§ **PROBLEM REQUIREMENTS**:
Restate word for word the lines in the listing below, starting at the line containing "Beneath the sleek" and ending at the line containing "Relationship between the", both included; leave out the rest.

§ **RECORD EXCERPTS**:
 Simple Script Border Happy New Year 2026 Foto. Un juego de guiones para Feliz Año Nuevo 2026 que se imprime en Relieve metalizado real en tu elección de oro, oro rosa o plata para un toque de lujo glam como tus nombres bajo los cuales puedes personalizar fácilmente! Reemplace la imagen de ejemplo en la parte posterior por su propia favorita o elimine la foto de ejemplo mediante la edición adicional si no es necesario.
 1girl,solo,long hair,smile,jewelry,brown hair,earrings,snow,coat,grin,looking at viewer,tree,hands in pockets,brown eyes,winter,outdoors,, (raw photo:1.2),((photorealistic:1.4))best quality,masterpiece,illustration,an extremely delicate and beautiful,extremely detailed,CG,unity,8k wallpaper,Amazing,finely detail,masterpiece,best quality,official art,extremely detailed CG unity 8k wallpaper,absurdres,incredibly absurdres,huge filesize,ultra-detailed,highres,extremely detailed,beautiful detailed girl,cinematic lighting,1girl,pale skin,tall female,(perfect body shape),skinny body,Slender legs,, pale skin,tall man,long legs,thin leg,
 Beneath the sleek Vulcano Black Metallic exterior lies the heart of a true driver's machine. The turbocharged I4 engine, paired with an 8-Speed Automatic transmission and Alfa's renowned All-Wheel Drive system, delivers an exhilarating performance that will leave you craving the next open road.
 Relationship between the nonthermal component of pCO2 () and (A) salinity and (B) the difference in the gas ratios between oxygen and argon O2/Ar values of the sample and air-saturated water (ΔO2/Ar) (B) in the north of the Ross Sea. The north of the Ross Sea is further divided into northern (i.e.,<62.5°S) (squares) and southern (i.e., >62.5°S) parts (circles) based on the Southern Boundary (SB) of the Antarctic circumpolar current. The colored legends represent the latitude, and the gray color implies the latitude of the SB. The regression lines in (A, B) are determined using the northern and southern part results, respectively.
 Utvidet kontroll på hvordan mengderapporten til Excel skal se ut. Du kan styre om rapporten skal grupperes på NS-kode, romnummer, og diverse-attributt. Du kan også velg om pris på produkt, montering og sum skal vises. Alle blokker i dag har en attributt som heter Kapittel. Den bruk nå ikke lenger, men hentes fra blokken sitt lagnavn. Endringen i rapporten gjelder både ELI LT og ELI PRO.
--
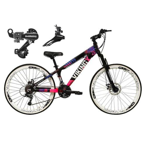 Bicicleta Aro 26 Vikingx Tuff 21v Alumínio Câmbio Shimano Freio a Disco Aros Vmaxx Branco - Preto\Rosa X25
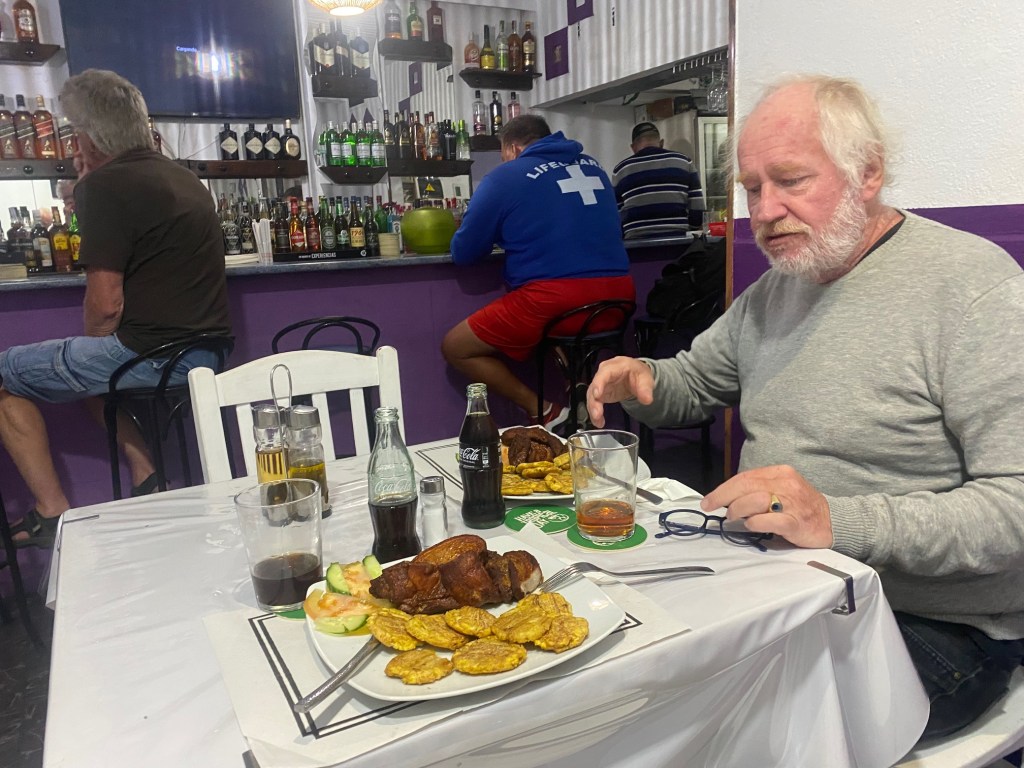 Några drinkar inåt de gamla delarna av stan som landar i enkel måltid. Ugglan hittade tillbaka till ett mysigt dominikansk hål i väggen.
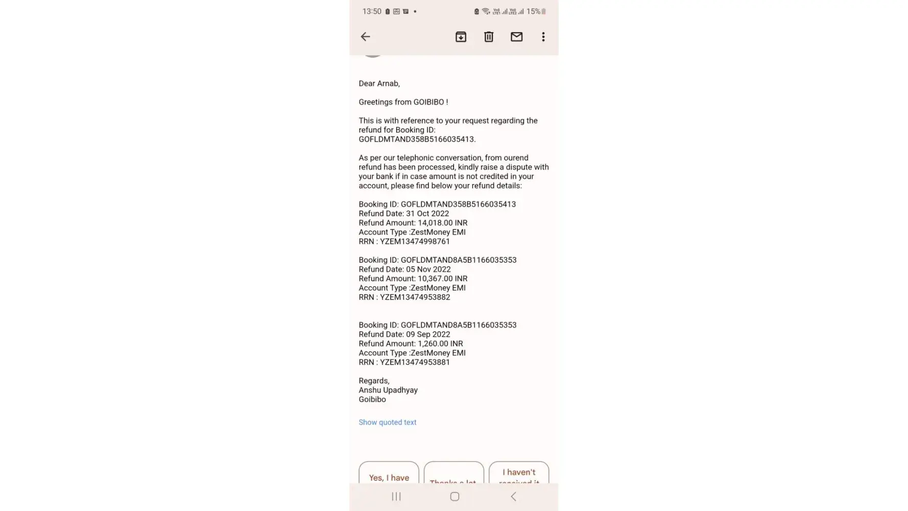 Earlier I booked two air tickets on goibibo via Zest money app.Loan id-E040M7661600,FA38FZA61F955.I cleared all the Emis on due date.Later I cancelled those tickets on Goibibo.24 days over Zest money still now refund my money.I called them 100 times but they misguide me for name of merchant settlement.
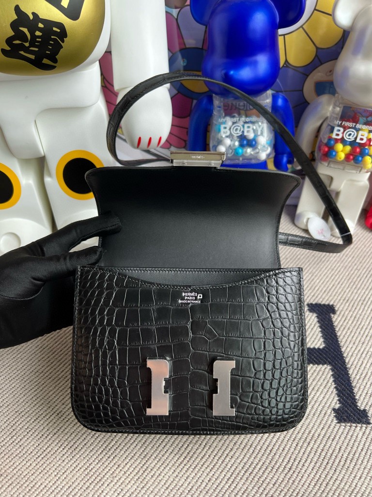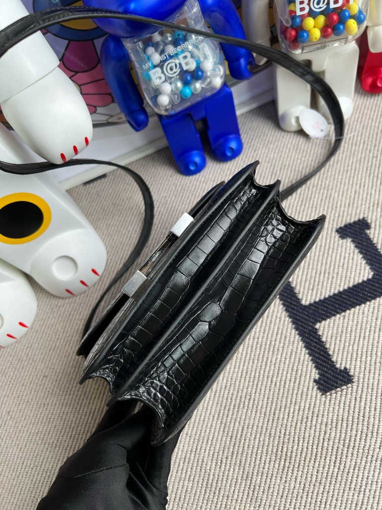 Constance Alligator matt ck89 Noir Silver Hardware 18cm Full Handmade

§ **RESPONSE AREA**:
 Beneath the sleek Vulcano Black Metallic exterior lies the heart of a true driver's machine. The turbocharged I4 engine, paired with an 8-Speed Automatic transmission and Alfa's renowned All-Wheel Drive system, delivers an exhilarating performance that will leave you craving the next open road.
 Relationship between the nonthermal component of pCO2 () and (A) salinity and (B) the difference in the gas ratios between oxygen and argon O2/Ar values of the sample and air-saturated water (ΔO2/Ar) (B) in the north of the Ross Sea. The north of the Ross Sea is further divided into northern (i.e.,<62.5°S) (squares) and southern (i.e., >62.5°S) parts (circles) based on the Southern Boundary (SB) of the Antarctic circumpolar current. The colored legends represent the latitude, and the gray color implies the latitude of the SB. The regression lines in (A, B) are determined using the northern and southern part results, respectively.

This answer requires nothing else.